- Input data -
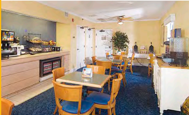
Our complimentary continental breakfast is served daily in our lobby.
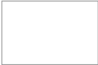
24"x 36"x 3/4" (2CM)
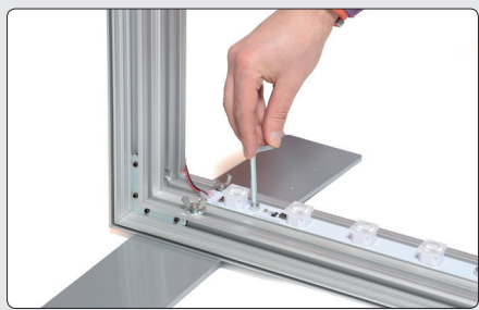
2 Lock the two screws with the Allen-key.
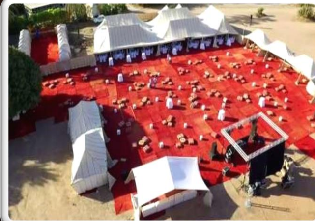
Colosseum Convention – Hotel Du Golf 350 Pax - October 2017
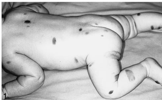
FIG 1. Multiple congenital hairy nevi are seen on a 6-month-old.
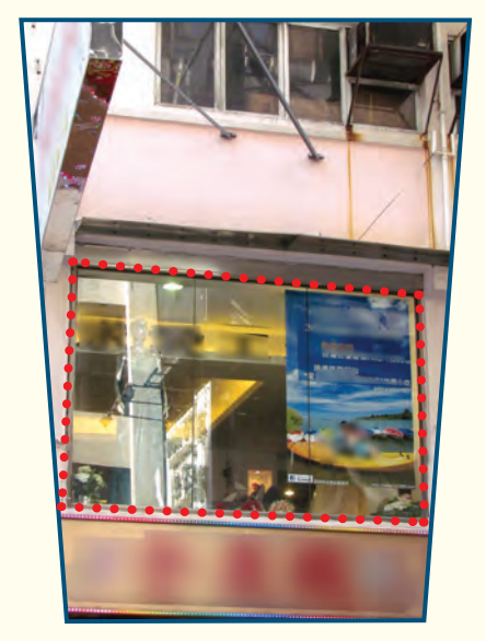
Large glass panels which do not comply with regulations
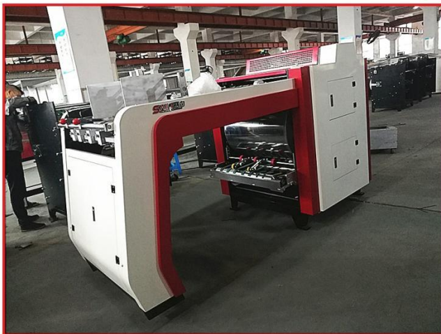
Daily Production --In SAILI Workshop--
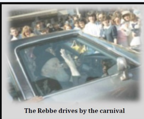
The Rebbe drives by the carnival
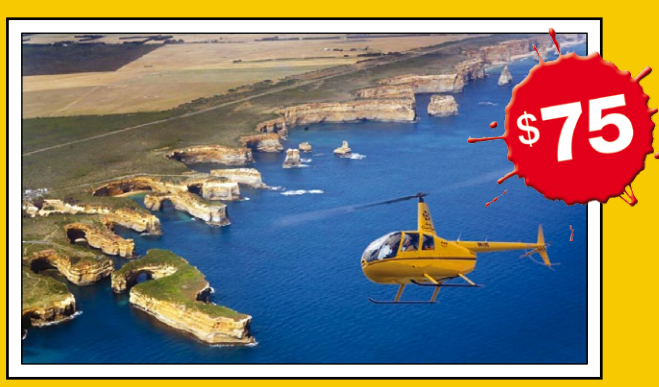
Helicopter flight prices valid until 31st March 2012

So long as you're visiting the Port Campbell National Park, why not take to the skies and get a whole new perspective on this amazing coastline. Great Ocean Road Helicopters will enthral you with a stunning flight of about 7 minutes duration. Book your flight with your tour and pay just $200!
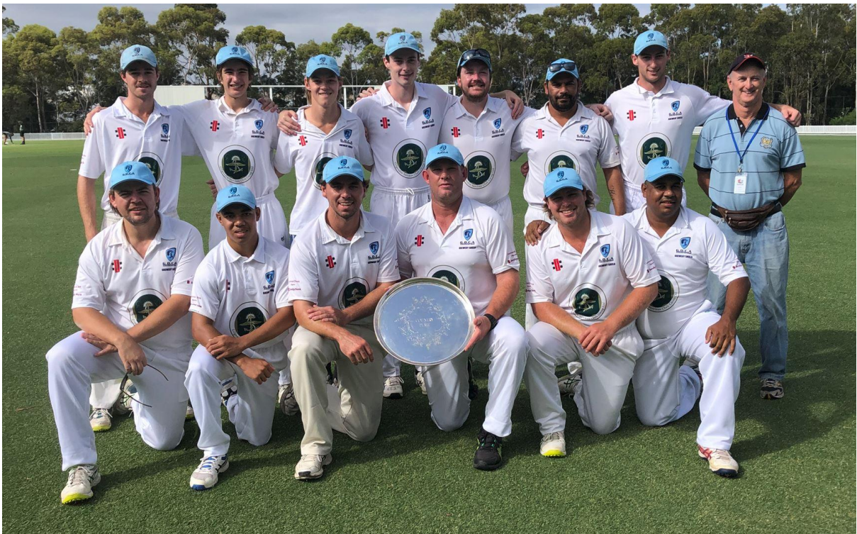
Western Cricket Zone Plate and Country NSW Plate - Winners - Gilgandra DCA
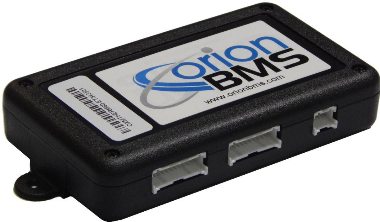
Thermistor Expansion Module (p/n: OXMTEM80) pictured

The thermistor expansion module is used in applications where more than the 3 standard thermistors are needed for temperature monitoring. One thermal expansion module monitors up to 80 thermistors. The unit communicates with the Orion Jr. 2 BMS system via CANBUS or via two 5V analog signals (emulated thermistors). The thermal expansion module is programmable and can be setup for the exact number of thermistors the application requires. A software utility allows for viewing the value of each individual thermistor so that thermistor errors can easily be located.
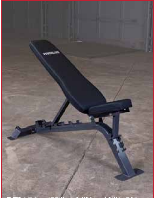
PFI150 (55"L x 24"W x 18"H, 53lbs.)

All Powerline items are protected by our newly-expanded Minimum Advertised Pricing (MAP) program, designed to eliminate price erosion and offer a fair and level playing field for all stores and websites.
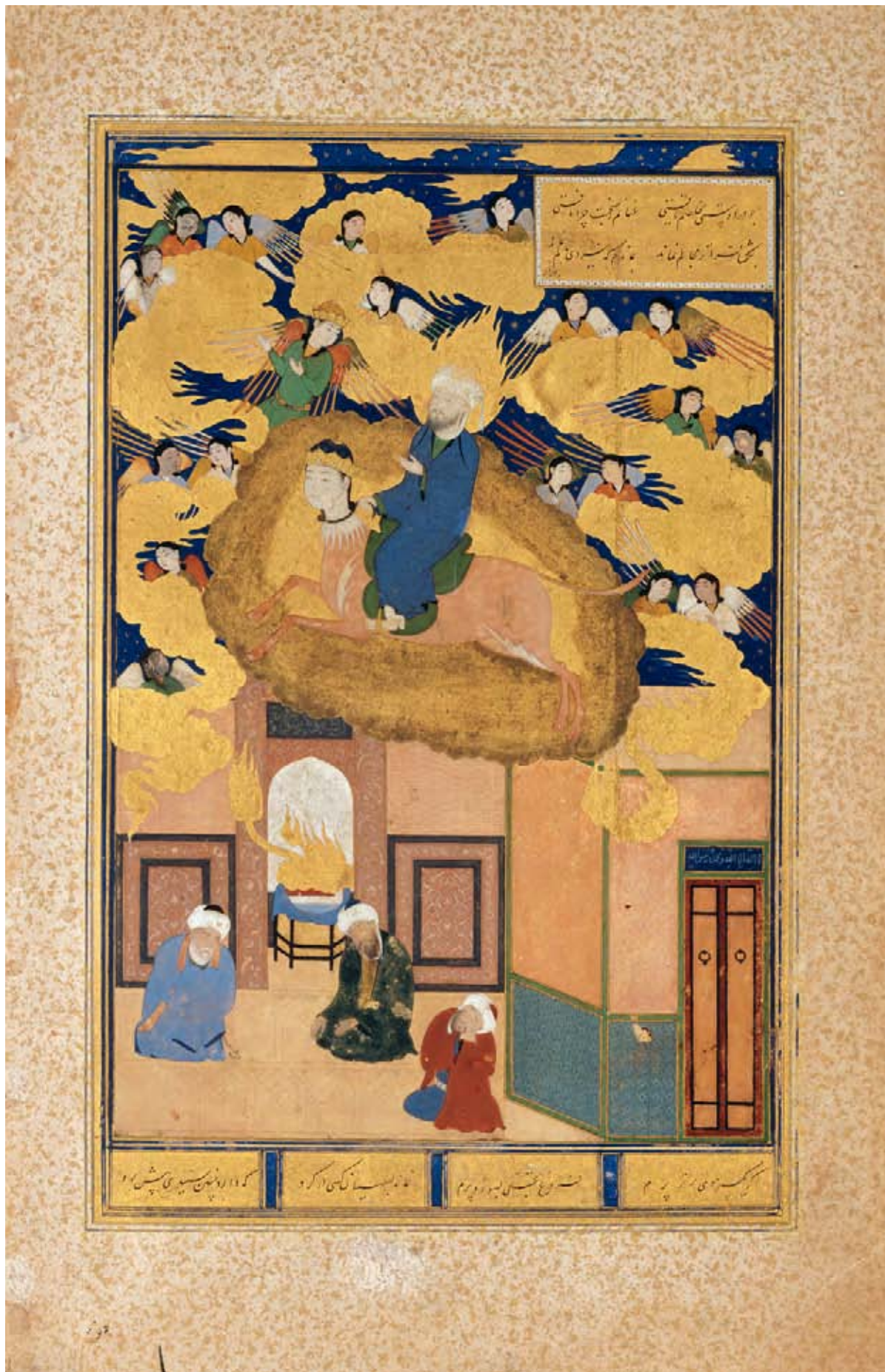
2. The Night Journey of The Prophet Muhammad ( Mi'raj ): Folio from the Bustan (Orchard) of Sa'di

- Task to carry out -
Among the lines of the preceding data, which ones hold the word "with"? List them.

- Reply -
2 Lock the two screws with the Allen-key.
Large glass panels which do not comply with regulations
So long as you're visiting the Port Campbell National Park, why not take to the skies and get a whole new perspective on this amazing coastline. Great Ocean Road Helicopters will enthral you with a stunning flight of about 7 minutes duration. Book your flight with your tour and pay just $200!
The thermistor expansion module is used in applications where more than the 3 standard thermistors are needed for temperature monitoring. One thermal expansion module monitors up to 80 thermistors. The unit communicates with the Orion Jr. 2 BMS system via CANBUS or via two 5V analog signals (emulated thermistors). The thermal expansion module is programmable and can be setup for the exact number of thermistors the application requires. A software utility allows for viewing the value of each individual thermistor so that thermistor errors can easily be located.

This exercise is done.